***** Data listing *****
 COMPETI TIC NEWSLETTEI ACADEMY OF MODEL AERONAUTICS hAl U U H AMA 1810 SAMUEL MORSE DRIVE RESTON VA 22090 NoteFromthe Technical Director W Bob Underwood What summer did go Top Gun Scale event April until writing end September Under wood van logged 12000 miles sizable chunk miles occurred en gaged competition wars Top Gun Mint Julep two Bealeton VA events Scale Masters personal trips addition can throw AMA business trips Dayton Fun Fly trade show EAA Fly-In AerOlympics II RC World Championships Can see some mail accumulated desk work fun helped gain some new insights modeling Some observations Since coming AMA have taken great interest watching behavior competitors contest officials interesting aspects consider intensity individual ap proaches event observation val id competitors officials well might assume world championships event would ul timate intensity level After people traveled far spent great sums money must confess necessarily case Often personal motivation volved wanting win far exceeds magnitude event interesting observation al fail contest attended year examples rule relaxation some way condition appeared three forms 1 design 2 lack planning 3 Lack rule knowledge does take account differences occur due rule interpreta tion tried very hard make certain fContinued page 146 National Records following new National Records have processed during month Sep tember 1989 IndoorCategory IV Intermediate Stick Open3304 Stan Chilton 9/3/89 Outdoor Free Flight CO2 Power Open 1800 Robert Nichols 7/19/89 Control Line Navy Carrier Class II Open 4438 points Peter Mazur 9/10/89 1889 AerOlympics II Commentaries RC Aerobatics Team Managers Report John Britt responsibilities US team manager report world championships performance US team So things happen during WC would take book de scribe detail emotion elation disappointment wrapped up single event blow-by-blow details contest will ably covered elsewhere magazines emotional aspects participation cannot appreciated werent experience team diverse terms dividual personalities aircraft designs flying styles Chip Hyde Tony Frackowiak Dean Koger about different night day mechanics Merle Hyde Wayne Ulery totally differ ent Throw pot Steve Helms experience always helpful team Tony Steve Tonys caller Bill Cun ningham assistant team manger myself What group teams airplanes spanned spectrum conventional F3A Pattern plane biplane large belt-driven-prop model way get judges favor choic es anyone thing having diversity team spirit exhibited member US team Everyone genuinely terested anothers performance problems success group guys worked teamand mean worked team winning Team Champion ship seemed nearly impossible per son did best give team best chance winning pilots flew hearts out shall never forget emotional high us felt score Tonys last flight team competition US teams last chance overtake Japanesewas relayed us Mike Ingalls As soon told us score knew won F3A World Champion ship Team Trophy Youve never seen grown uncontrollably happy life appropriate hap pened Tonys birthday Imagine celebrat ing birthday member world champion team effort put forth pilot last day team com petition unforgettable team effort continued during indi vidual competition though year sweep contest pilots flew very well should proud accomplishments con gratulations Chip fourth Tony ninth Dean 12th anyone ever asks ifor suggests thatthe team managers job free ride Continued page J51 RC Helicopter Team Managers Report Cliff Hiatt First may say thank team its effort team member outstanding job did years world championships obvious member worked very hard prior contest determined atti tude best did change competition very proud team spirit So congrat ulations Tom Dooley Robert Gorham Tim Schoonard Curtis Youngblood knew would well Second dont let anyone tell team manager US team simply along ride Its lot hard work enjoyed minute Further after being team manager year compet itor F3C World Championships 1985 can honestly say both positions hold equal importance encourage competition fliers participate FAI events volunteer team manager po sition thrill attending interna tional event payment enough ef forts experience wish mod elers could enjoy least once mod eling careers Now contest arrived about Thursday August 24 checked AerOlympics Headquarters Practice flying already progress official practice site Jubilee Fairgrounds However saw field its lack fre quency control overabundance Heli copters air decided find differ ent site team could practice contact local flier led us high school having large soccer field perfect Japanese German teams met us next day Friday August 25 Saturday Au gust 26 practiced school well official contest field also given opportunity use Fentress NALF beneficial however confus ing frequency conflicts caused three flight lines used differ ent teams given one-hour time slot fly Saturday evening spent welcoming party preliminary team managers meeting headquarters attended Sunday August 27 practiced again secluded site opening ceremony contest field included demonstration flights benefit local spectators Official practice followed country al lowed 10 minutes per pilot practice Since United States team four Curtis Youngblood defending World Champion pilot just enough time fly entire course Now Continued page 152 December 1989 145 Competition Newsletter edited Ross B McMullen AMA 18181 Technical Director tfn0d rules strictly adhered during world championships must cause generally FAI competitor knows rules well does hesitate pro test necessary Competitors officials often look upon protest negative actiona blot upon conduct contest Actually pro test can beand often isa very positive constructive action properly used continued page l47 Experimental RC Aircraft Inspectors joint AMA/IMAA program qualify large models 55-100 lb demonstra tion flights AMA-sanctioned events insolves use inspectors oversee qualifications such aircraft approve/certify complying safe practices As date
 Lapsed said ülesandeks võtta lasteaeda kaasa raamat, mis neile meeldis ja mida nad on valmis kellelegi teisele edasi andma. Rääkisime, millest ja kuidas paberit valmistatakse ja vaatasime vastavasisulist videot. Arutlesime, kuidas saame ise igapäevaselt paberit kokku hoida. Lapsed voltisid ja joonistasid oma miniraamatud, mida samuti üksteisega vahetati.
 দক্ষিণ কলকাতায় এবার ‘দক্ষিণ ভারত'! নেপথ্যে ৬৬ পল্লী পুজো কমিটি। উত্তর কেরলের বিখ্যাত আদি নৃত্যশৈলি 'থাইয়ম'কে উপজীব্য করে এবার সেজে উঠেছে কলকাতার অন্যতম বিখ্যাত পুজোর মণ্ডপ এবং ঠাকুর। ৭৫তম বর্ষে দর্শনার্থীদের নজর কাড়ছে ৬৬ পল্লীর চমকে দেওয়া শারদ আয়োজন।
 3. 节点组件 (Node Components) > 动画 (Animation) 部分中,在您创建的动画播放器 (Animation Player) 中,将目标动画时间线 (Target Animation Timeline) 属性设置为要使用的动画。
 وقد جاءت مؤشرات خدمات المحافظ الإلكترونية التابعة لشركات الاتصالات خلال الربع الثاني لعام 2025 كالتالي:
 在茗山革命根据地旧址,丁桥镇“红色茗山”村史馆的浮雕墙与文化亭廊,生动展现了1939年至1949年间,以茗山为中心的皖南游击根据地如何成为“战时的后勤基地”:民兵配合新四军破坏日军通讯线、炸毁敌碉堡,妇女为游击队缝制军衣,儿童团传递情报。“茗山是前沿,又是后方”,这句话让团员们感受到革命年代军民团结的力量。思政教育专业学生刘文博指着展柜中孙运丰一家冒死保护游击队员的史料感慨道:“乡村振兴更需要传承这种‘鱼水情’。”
*****
## Task
Transcribe the data above in full, exactly as it appears.

## Written response
 COMPETI TIC NEWSLETTEI ACADEMY OF MODEL AERONAUTICS hAl U U H AMA 1810 SAMUEL MORSE DRIVE RESTON VA 22090 NoteFromthe Technical Director W Bob Underwood What summer did go Top Gun Scale event April until writing end September Under wood van logged 12000 miles sizable chunk miles occurred en gaged competition wars Top Gun Mint Julep two Bealeton VA events Scale Masters personal trips addition can throw AMA business trips Dayton Fun Fly trade show EAA Fly-In AerOlympics II RC World Championships Can see some mail accumulated desk work fun helped gain some new insights modeling Some observations Since coming AMA have taken great interest watching behavior competitors contest officials interesting aspects consider intensity individual ap proaches event observation val id competitors officials well might assume world championships event would ul timate intensity level After people traveled far spent great sums money must confess necessarily case Often personal motivation volved wanting win far exceeds magnitude event interesting observation al fail contest attended year examples rule relaxation some way condition appeared three forms 1 design 2 lack planning 3 Lack rule knowledge does take account differences occur due rule interpreta tion tried very hard make certain fContinued page 146 National Records following new National Records have processed during month Sep tember 1989 IndoorCategory IV Intermediate Stick Open3304 Stan Chilton 9/3/89 Outdoor Free Flight CO2 Power Open 1800 Robert Nichols 7/19/89 Control Line Navy Carrier Class II Open 4438 points Peter Mazur 9/10/89 1889 AerOlympics II Commentaries RC Aerobatics Team Managers Report John Britt responsibilities US team manager report world championships performance US team So things happen during WC would take book de scribe detail emotion elation disappointment wrapped up single event blow-by-blow details contest will ably covered elsewhere magazines emotional aspects participation cannot appreciated werent experience team diverse terms dividual personalities aircraft designs flying styles Chip Hyde Tony Frackowiak Dean Koger about different night day mechanics Merle Hyde Wayne Ulery totally differ ent Throw pot Steve Helms experience always helpful team Tony Steve Tonys caller Bill Cun ningham assistant team manger myself What group teams airplanes spanned spectrum conventional F3A Pattern plane biplane large belt-driven-prop model way get judges favor choic es anyone thing having diversity team spirit exhibited member US team Everyone genuinely terested anothers performance problems success group guys worked teamand mean worked team winning Team Champion ship seemed nearly impossible per son did best give team best chance winning pilots flew hearts out shall never forget emotional high us felt score Tonys last flight team competition US teams last chance overtake Japanesewas relayed us Mike Ingalls As soon told us score knew won F3A World Champion ship Team Trophy Youve never seen grown uncontrollably happy life appropriate hap pened Tonys birthday Imagine celebrat ing birthday member world champion team effort put forth pilot last day team com petition unforgettable team effort continued during indi vidual competition though year sweep contest pilots flew very well should proud accomplishments con gratulations Chip fourth Tony ninth Dean 12th anyone ever asks ifor suggests thatthe team managers job free ride Continued page J51 RC Helicopter Team Managers Report Cliff Hiatt First may say thank team its effort team member outstanding job did years world championships obvious member worked very hard prior contest determined atti tude best did change competition very proud team spirit So congrat ulations Tom Dooley Robert Gorham Tim Schoonard Curtis Youngblood knew would well Second dont let anyone tell team manager US team simply along ride Its lot hard work enjoyed minute Further after being team manager year compet itor F3C World Championships 1985 can honestly say both positions hold equal importance encourage competition fliers participate FAI events volunteer team manager po sition thrill attending interna tional event payment enough ef forts experience wish mod elers could enjoy least once mod eling careers Now contest arrived about Thursday August 24 checked AerOlympics Headquarters Practice flying already progress official practice site Jubilee Fairgrounds However saw field its lack fre quency control overabundance Heli copters air decided find differ ent site team could practice contact local flier led us high school having large soccer field perfect Japanese German teams met us next day Friday August 25 Saturday Au gust 26 practiced school well official contest field also given opportunity use Fentress NALF beneficial however confus ing frequency conflicts caused three flight lines used differ ent teams given one-hour time slot fly Saturday evening spent welcoming party preliminary team managers meeting headquarters attended Sunday August 27 practiced again secluded site opening ceremony contest field included demonstration flights benefit local spectators Official practice followed country al lowed 10 minutes per pilot practice Since United States team four Curtis Youngblood defending World Champion pilot just enough time fly entire course Now Continued page 152 December 1989 145 Competition Newsletter edited Ross B McMullen AMA 18181 Technical Director tfn0d rules strictly adhered during world championships must cause generally FAI competitor knows rules well does hesitate pro test necessary Competitors officials often look upon protest negative actiona blot upon conduct contest Actually pro test can beand often isa very positive constructive action properly used continued page l47 Experimental RC Aircraft Inspectors joint AMA/IMAA program qualify large models 55-100 lb demonstra tion flights AMA-sanctioned events insolves use inspectors oversee qualifications such aircraft approve/certify complying safe practices As date
 Lapsed said ülesandeks võtta lasteaeda kaasa raamat, mis neile meeldis ja mida nad on valmis kellelegi teisele edasi andma. Rääkisime, millest ja kuidas paberit valmistatakse ja vaatasime vastavasisulist videot. Arutlesime, kuidas saame ise igapäevaselt paberit kokku hoida. Lapsed voltisid ja joonistasid oma miniraamatud, mida samuti üksteisega vahetati.
 দক্ষিণ কলকাতায় এবার ‘দক্ষিণ ভারত'! নেপথ্যে ৬৬ পল্লী পুজো কমিটি। উত্তর কেরলের বিখ্যাত আদি নৃত্যশৈলি 'থাইয়ম'কে উপজীব্য করে এবার সেজে উঠেছে কলকাতার অন্যতম বিখ্যাত পুজোর মণ্ডপ এবং ঠাকুর। ৭৫তম বর্ষে দর্শনার্থীদের নজর কাড়ছে ৬৬ পল্লীর চমকে দেওয়া শারদ আয়োজন।
 3. 节点组件 (Node Components) > 动画 (Animation) 部分中,在您创建的动画播放器 (Animation Player) 中,将目标动画时间线 (Target Animation Timeline) 属性设置为要使用的动画。
 وقد جاءت مؤشرات خدمات المحافظ الإلكترونية التابعة لشركات الاتصالات خلال الربع الثاني لعام 2025 كالتالي:
 在茗山革命根据地旧址,丁桥镇“红色茗山”村史馆的浮雕墙与文化亭廊,生动展现了1939年至1949年间,以茗山为中心的皖南游击根据地如何成为“战时的后勤基地”:民兵配合新四军破坏日军通讯线、炸毁敌碉堡,妇女为游击队缝制军衣,儿童团传递情报。“茗山是前沿,又是后方”,这句话让团员们感受到革命年代军民团结的力量。思政教育专业学生刘文博指着展柜中孙运丰一家冒死保护游击队员的史料感慨道:“乡村振兴更需要传承这种‘鱼水情’。”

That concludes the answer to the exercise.